No one really be with you all the time.
Just YOU will always be with yourself. Stop expecting your loved one will be with you like the Korean actor in the Korean drama, your love one is the REAL human. Sometime he can't make it and sometime he don't able to make it. I am not saying my partner is not always be around but I don't want to rely or lean on him 100% because I know, he is human being like me.Sometime he limited to do for me as I limited too.

Stop expecting people to love you if you don't offer your love in the first place.
If you don't love him at first place, he will never love you. I don't really believe in people that love you even though you not love them, that can be found in the silly and unrealistic drama. Stop living with that expectation. Only God is offer you love even though you don't love Him yet.
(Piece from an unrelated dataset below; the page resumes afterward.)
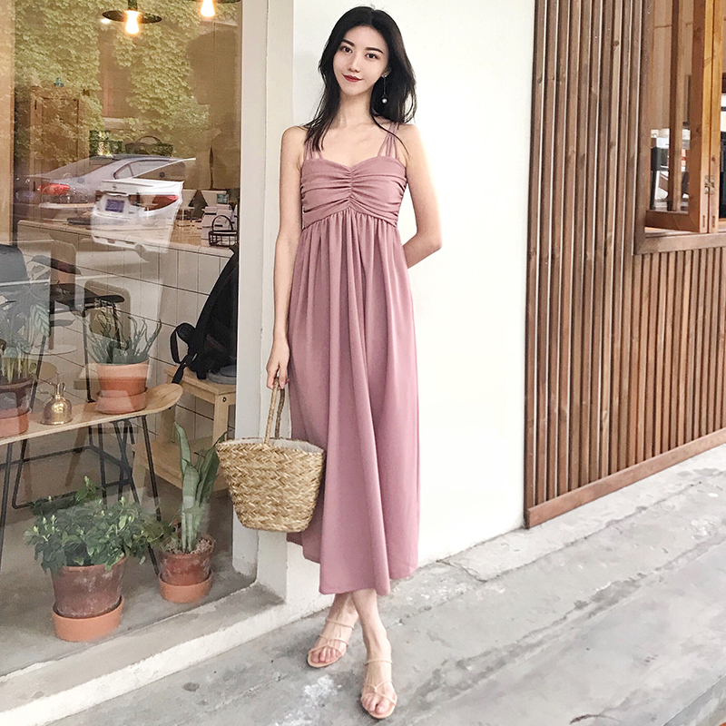/ 夏季新款女裝多肩帶收腰顯瘦抽褶抹胸純裙子色學生吊帶連衣裙長裙

It's sound like I'm giving up on love, right? or I sound like I really have a bad experience in love. No, I'm not. I am happy that I have an bad experience in love, I learned a lot from that and I am happy with my current relationship, as I again learn a lot and keep improving myself.It's not an easy process but definitely, I want to give it try.
I am believe in love and I am love being in love.
Overall, don't expect too much on people. Love harder but don't be so hard on people. Follow the flow and always remember that, people can't satisfy you, only God can do that.So, love God first before you love others as people can make you disappointed but God will never disappoint you.